Several graduating seniors have taken positions with companies that include Google (Alex Williams ’15), Silicon Labs (Rehan Rasool), Meditech (Nicholas Iwamoto ’15) and Intrepid Pursuits (Sarah Lieto ’15 and Tiancheng Jiang ’15).

Other current students are pursuing summer internships and research opportunities at: Facebook (Sarjan Shrestha and Hoang Nguyen), Amazon (Binh Tang ’16 and Son Le ’16), Fedex IT department (Lukas Leung), Axis Point (Zhuoming Tan ’16), Demandware (Ronak Shah), Quantrix (Cyrus Fenderson), Clark University IT department (Juan Park ’17), Clark University, research with Professor John Magee, also in collaboration with research group at Boston University (Jiri Roznovjak ’18, Samuel Schlesinger ’18), Juniper Networks (Joshua Cogswell), Quantum Networks (Christian Rentsman ’18) and Cold Spring Harbor Lab (Sam Kovaka).

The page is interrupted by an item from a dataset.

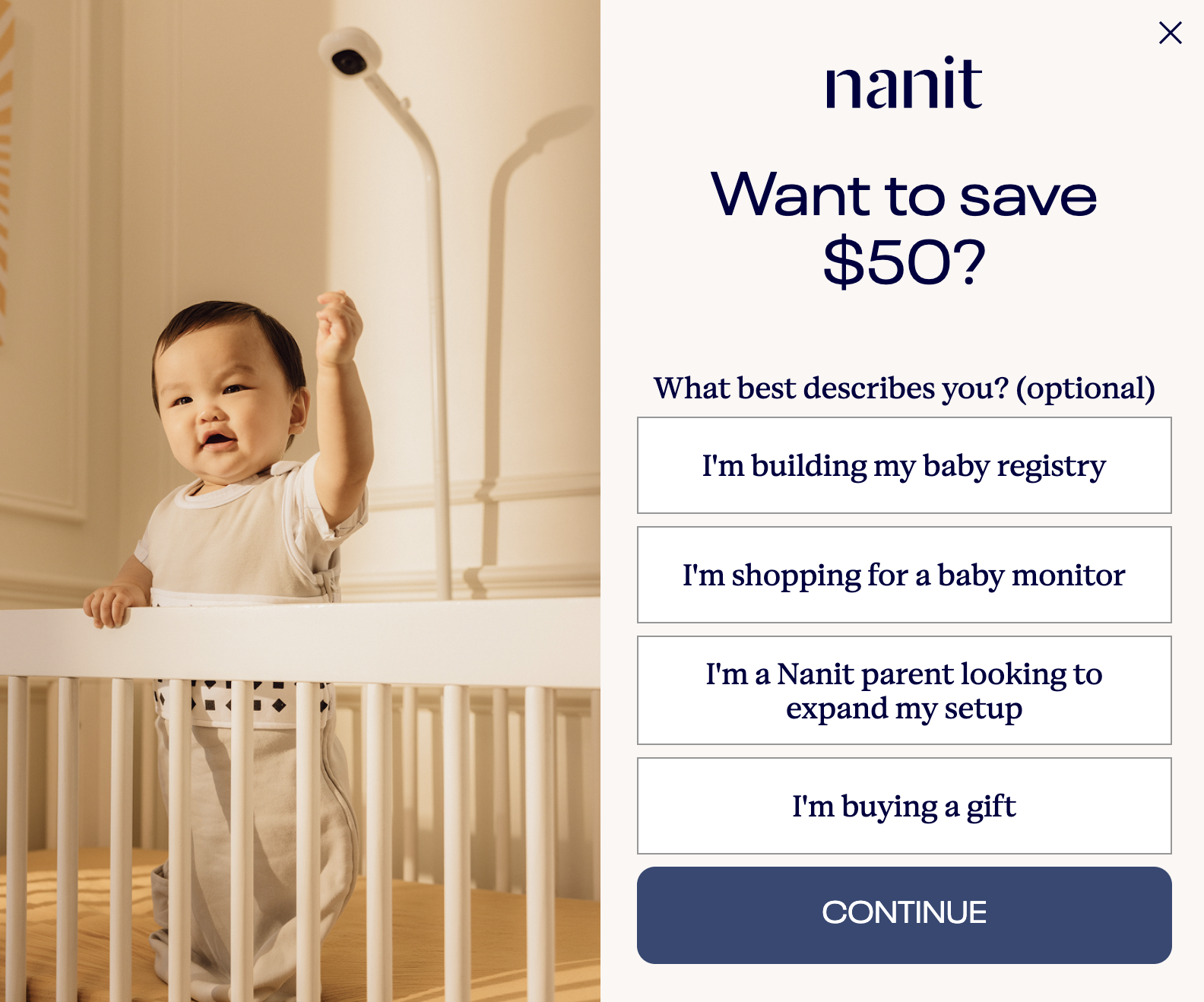 Nanit: The micro-yes email capture quiz popup has an escape! Notice the word (optional). Also notice that the CTA says CONTINUE.
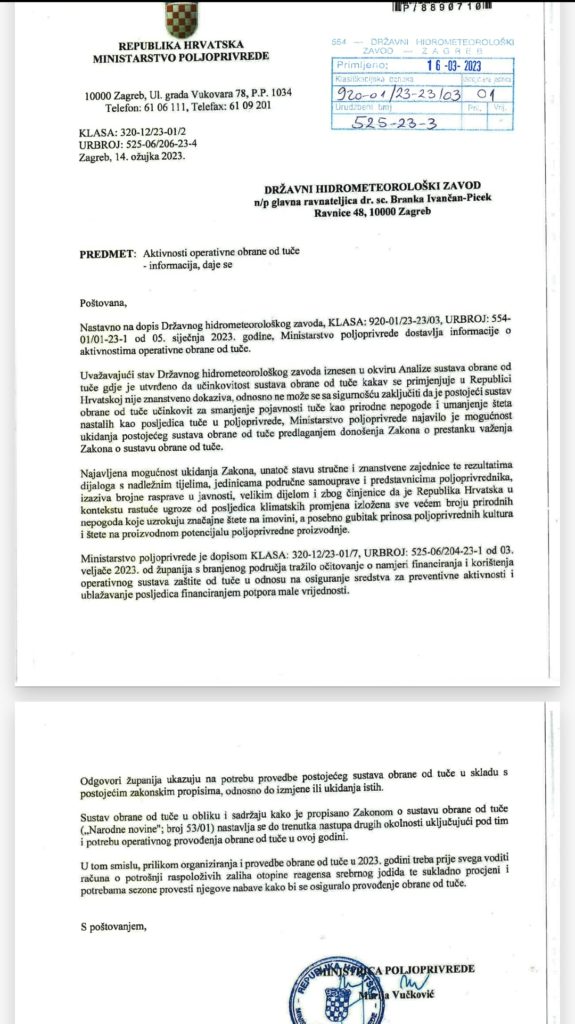 Ekskluzivno donosimo dopise ravnateljice DHMZ-a s ministricom poljoprivrede i ministrom gospodarstva. Zakon o obrani od tuče zbog pritiska javnosti nije ukinut, pa je u DHMZ-u zavladala „panika“, jer do svibnja ipak trebaju organizirati „kakvu-takvu“ obranu od tuče. Vrijeme prolazi, a oni se dopisuju!

Founded in 1887 in Worcester, Massachusetts, Clark University is a liberal arts-based research university addressing social and human imperatives on a global scale. Nationally renowned as a college that changes lives, Clark is emerging as a transformative force in higher education today. LEEP (Liberal Education and Effective Practice) is Clark’s pioneering model of education that combines a robust liberal arts curriculum with life-changing world and workplace experiences. Clark’s faculty and students work across boundaries to develop solutions to complex challenges in the natural sciences, psychology, geography, management, urban education, Holocaust and genocide studies, environmental studies, and international development and social change. The Clark educational experience embodies the University’s motto: Challenge convention. Change our world.